Input
Start of Block

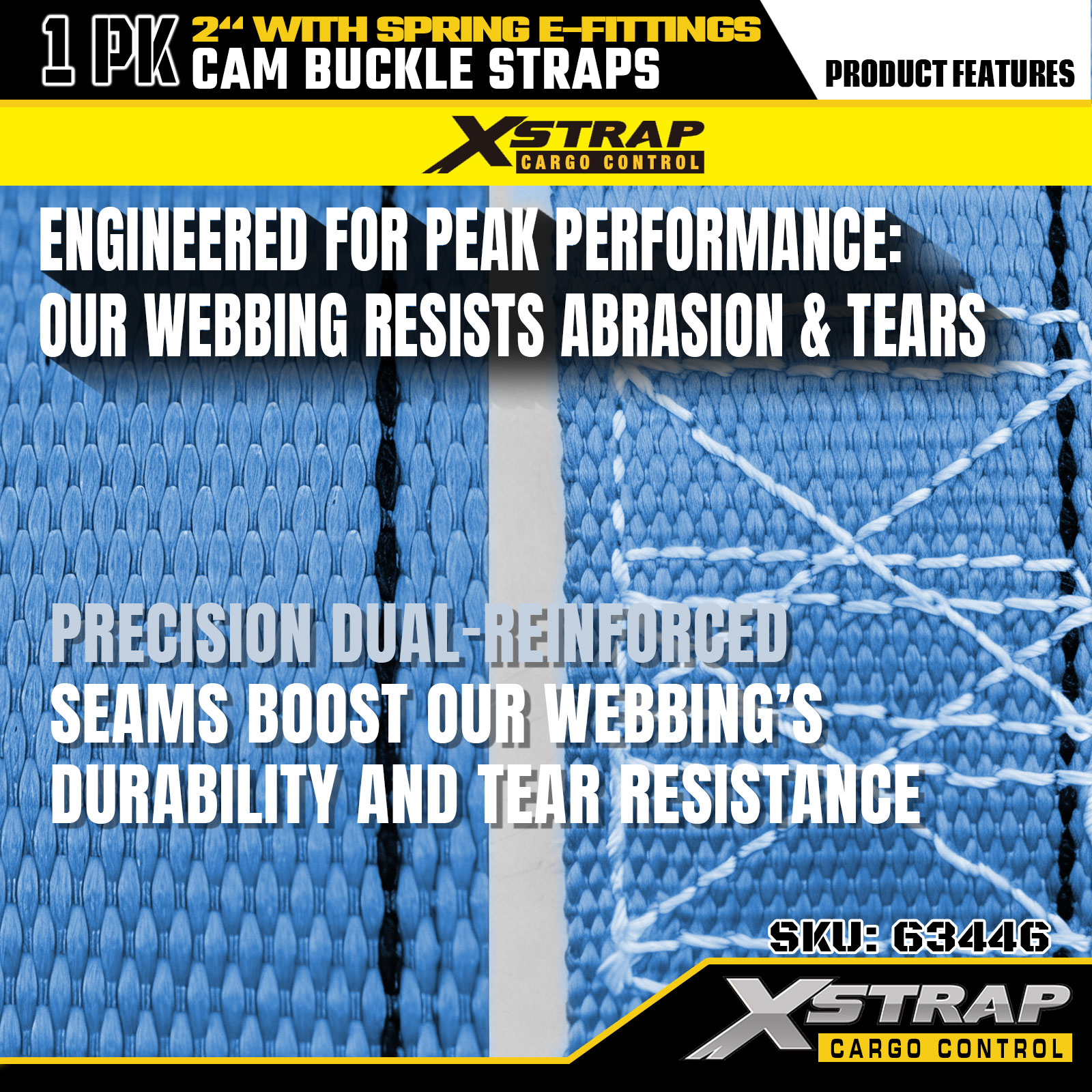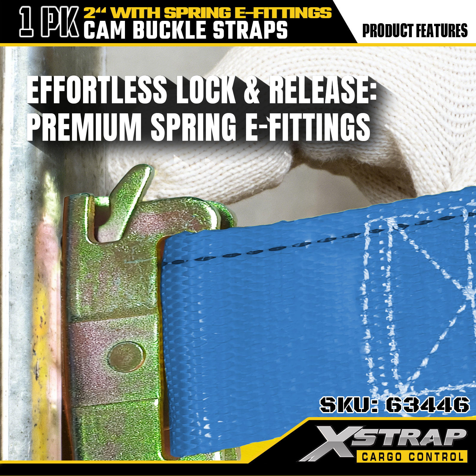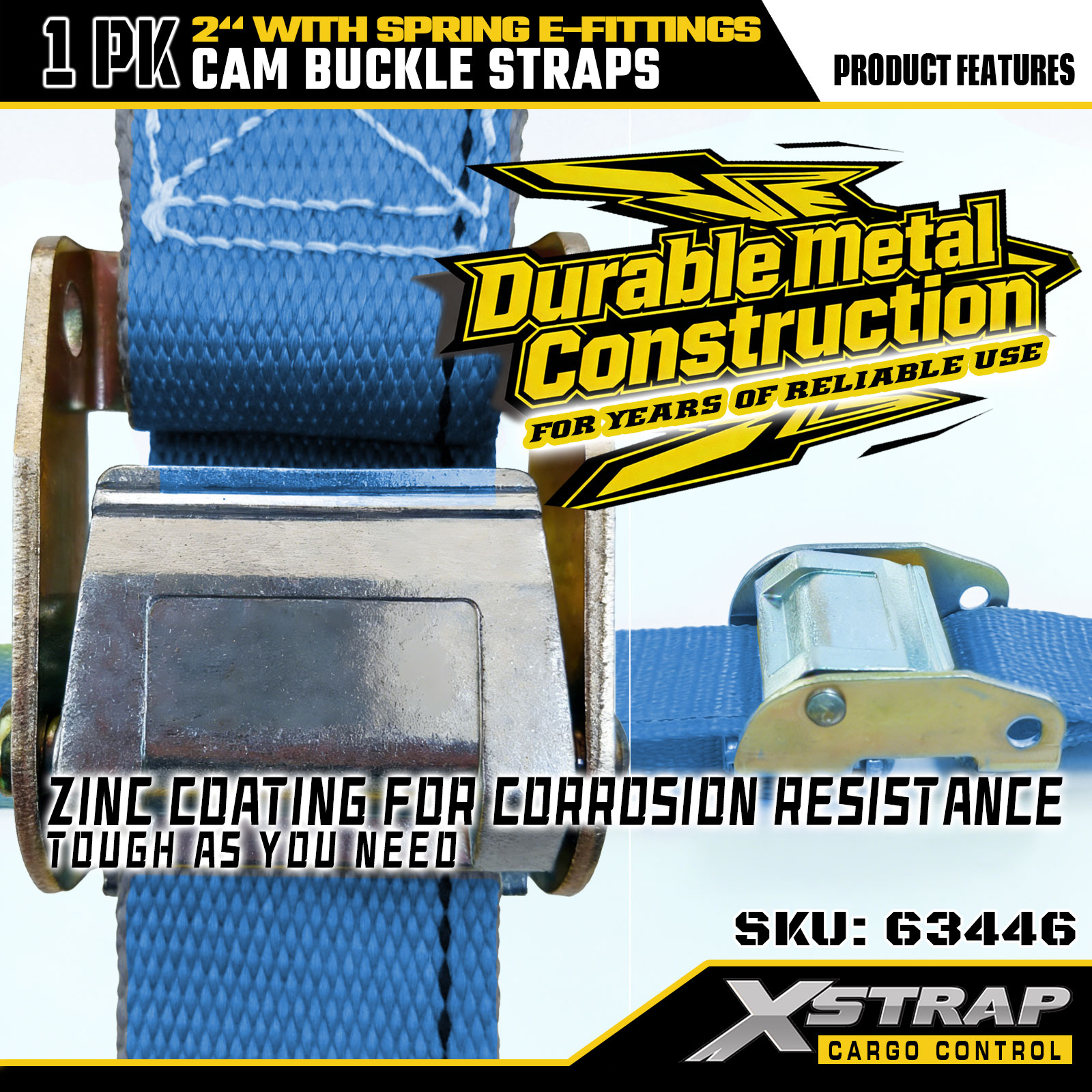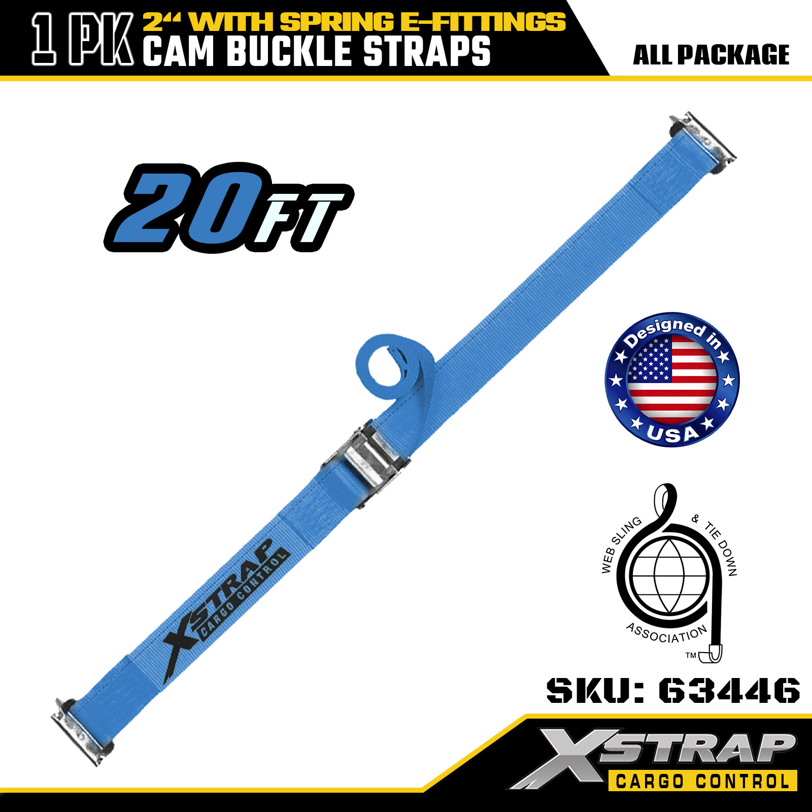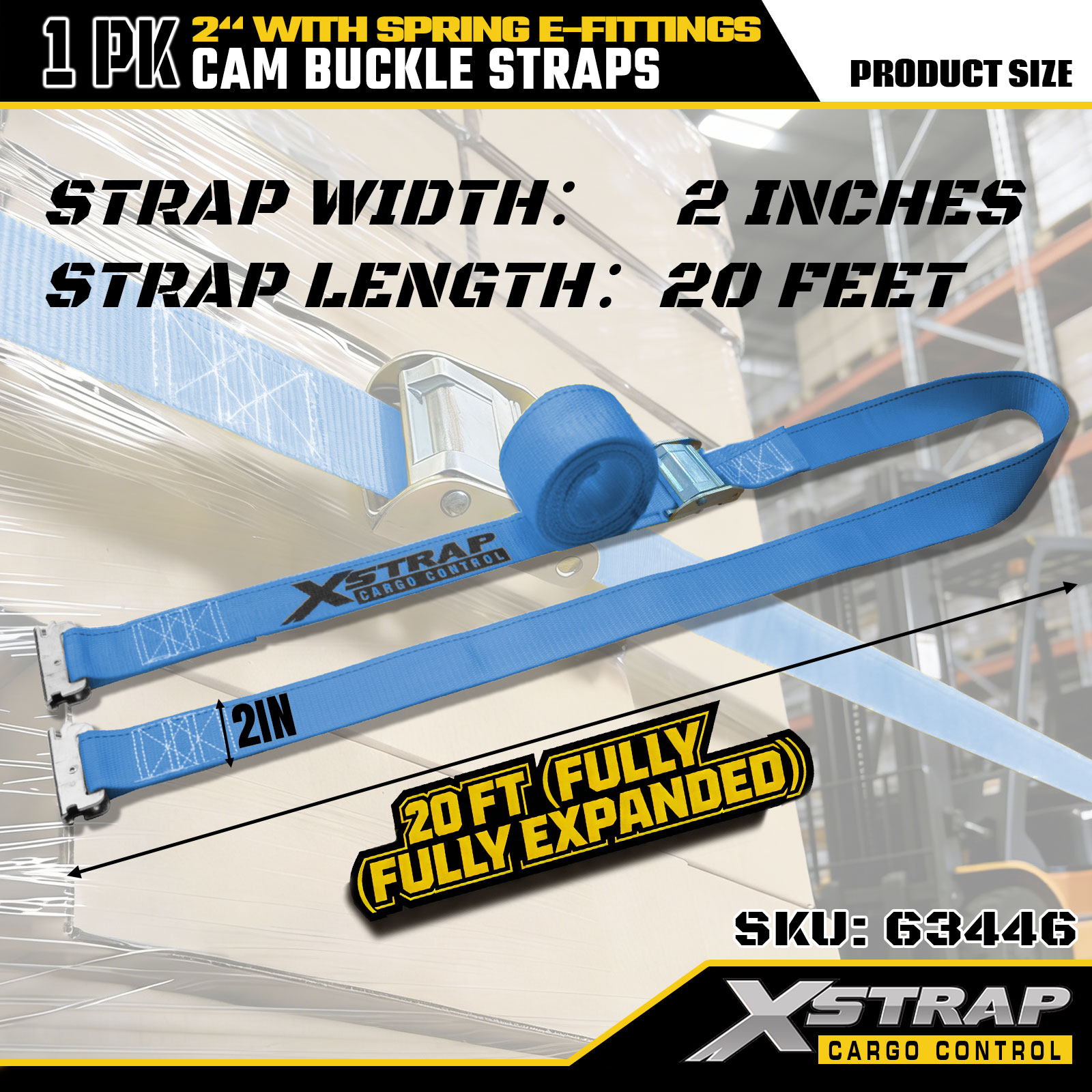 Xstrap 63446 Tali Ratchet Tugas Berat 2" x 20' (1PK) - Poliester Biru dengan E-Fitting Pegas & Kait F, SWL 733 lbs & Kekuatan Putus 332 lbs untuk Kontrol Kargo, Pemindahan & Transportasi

End of Block
Start of Block

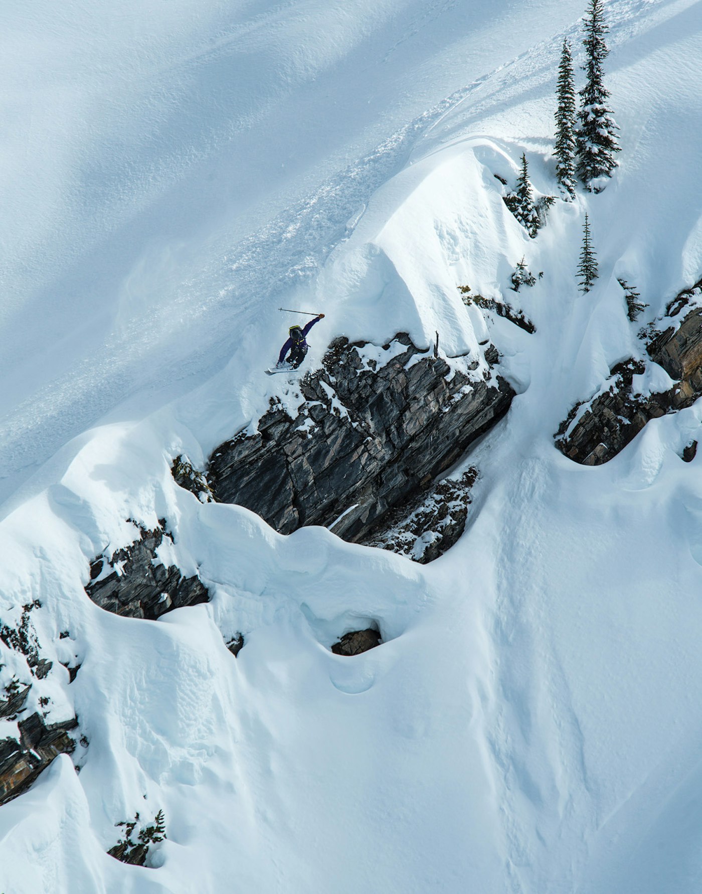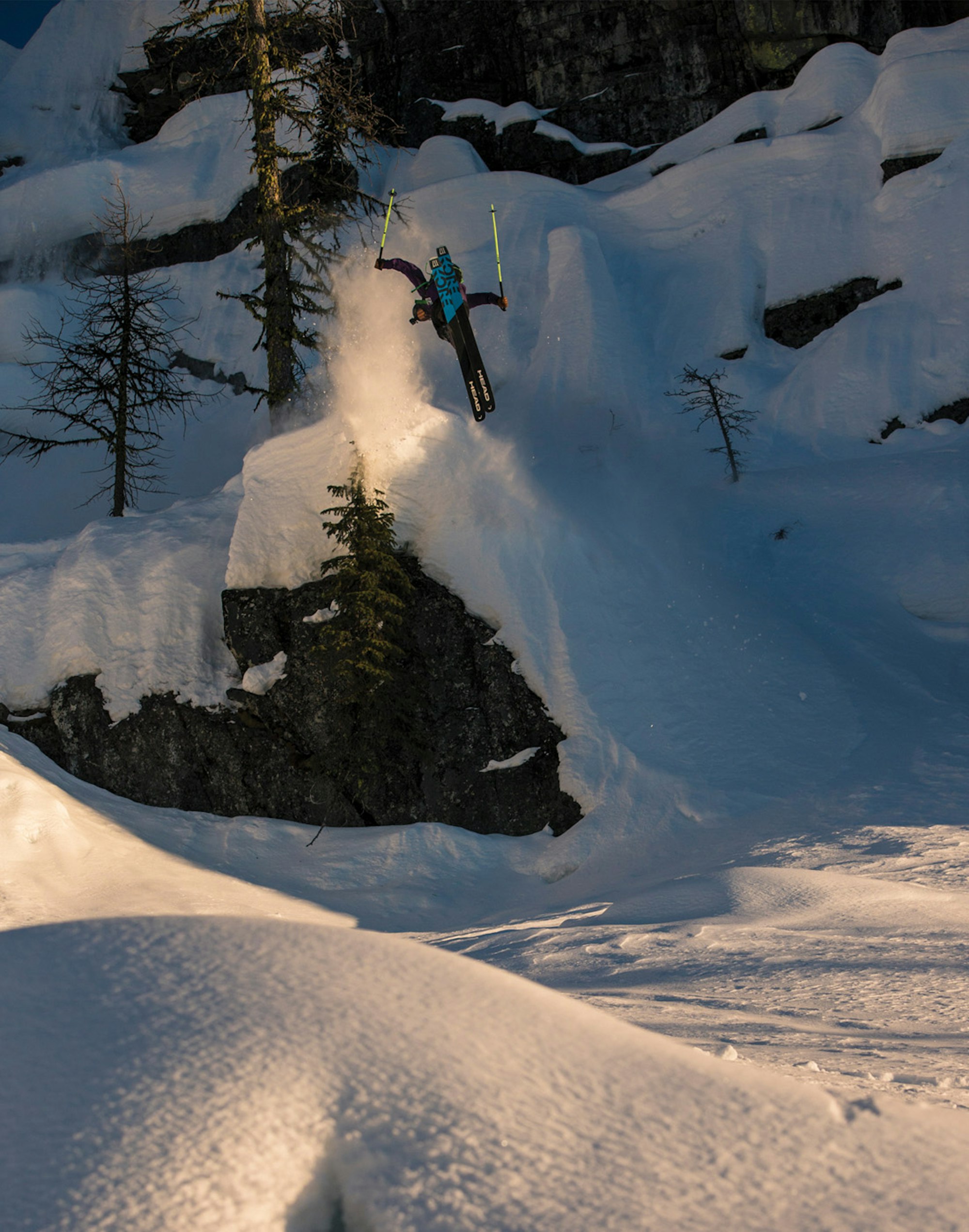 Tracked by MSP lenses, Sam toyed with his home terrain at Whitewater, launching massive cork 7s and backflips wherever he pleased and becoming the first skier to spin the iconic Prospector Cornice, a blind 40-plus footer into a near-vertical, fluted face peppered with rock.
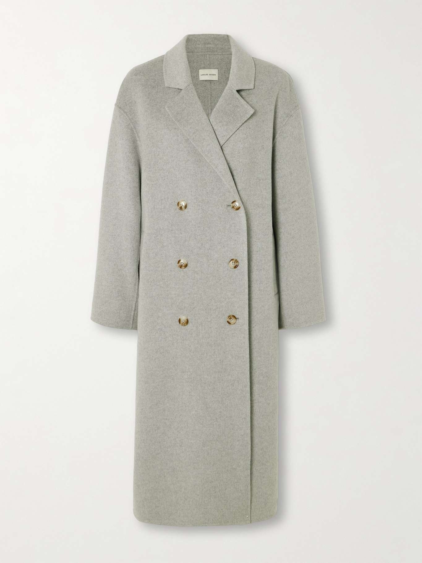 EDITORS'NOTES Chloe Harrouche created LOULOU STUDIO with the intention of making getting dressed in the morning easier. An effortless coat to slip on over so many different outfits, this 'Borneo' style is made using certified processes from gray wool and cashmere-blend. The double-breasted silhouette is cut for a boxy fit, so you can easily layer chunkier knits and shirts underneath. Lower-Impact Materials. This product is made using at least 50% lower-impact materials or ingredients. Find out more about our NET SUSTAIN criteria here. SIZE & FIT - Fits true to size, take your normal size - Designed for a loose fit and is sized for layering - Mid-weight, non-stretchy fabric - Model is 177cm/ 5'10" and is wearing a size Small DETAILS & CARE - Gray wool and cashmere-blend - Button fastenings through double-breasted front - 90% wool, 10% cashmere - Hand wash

End of Block
Start of Block

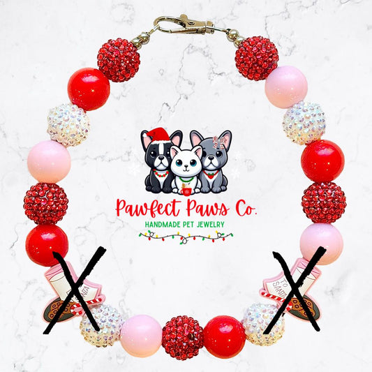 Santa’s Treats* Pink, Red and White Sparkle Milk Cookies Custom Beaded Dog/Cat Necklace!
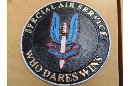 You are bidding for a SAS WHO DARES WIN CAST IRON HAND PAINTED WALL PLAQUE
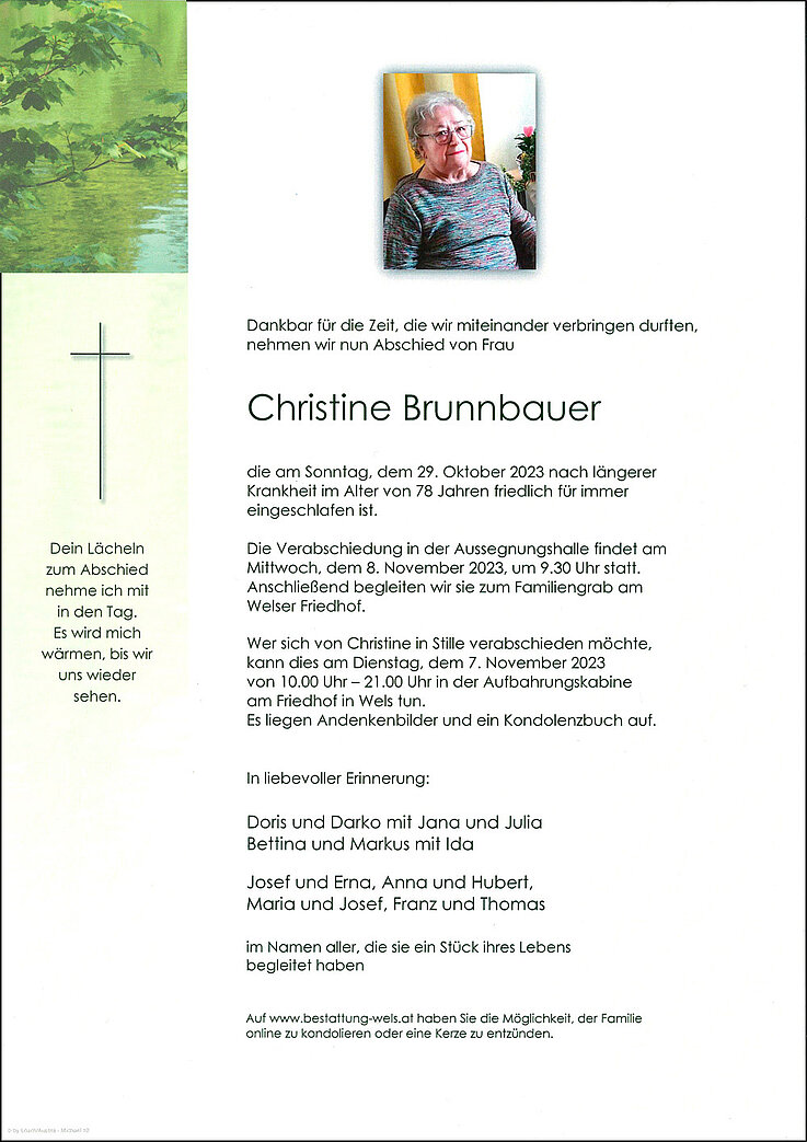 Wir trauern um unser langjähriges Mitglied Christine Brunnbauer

End of Block

What you need to do
Copy exactly the lines of the entries above from the one containing "Tracked by MSP" through the one containing "EDITORS'NOTES Chloe Harrouche". Both end lines count; pictures do not.

Task solution
 Tracked by MSP lenses, Sam toyed with his home terrain at Whitewater, launching massive cork 7s and backflips wherever he pleased and becoming the first skier to spin the iconic Prospector Cornice, a blind 40-plus footer into a near-vertical, fluted face peppered with rock.
 EDITORS'NOTES Chloe Harrouche created LOULOU STUDIO with the intention of making getting dressed in the morning easier. An effortless coat to slip on over so many different outfits, this 'Borneo' style is made using certified processes from gray wool and cashmere-blend. The double-breasted silhouette is cut for a boxy fit, so you can easily layer chunkier knits and shirts underneath. Lower-Impact Materials. This product is made using at least 50% lower-impact materials or ingredients. Find out more about our NET SUSTAIN criteria here. SIZE & FIT - Fits true to size, take your normal size - Designed for a loose fit and is sized for layering - Mid-weight, non-stretchy fabric - Model is 177cm/ 5'10" and is wearing a size Small DETAILS & CARE - Gray wool and cashmere-blend - Button fastenings through double-breasted front - 90% wool, 10% cashmere - Hand wash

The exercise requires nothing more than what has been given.